- Born: c. 25 December 1969 (age 56) France
- Citizenship: France
- Occupations: Businessman, corporate executive
- Years active: 1980–present
- Title: Managing Director and Chief Executive Officer of Airtel Rwanda

= Emmanuel Hamez =

French corporate executive

Emmanuel Hamez is a French businessman and corporate executive who serves as the managing director and chief executive officer of Airtel Rwanda, since September 2021. For the four years before his current assignment, he was the CEO of Airtel's subsidiary in the Democratic Republic of the Congo.

==Career==
Hamez has an extensive long-term career in the telecommunications business on the African continent, exceeding 20 years. In the early 2000s, he was the group operations manager of Celtel Africa, based in the Netherlands. He was also the managing director of the Celtel subsidiary in the Republic of the Congo (Congo Brazzaville). At one time, he was the Group Chief Technical Officer of Sudani Sudan, based in Khartoum. He was then promoted to chief executive officer of Sudani Mobile.

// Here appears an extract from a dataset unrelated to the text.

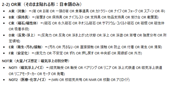 - 「NOT語」は、別分野混入の実例を想定して(例:浮上→磁気軸受/鉄道等)列挙

He then served as the managing director of Expresso Senegal. Later, he served as the chief executive officer of Econet Leo in Burundi, based in Bujumbura.

In 2017, he was hired by Airtel DRC, as their CEO, serving there for four years until September 2021. He is reported to have grown Airtel's customer base in that country, during his tenure there.

As CEO of Airtel Rwanda, Hamez replaced Amit Chawla, who resigned in July 2021. Hamez is based in Kigali, Rwanda's capital and largest city. As of December 2020, Airtel Rwanda serviced 4,057,335 customers, accounting for 38.6 percent market share among the mobile network providers in the country.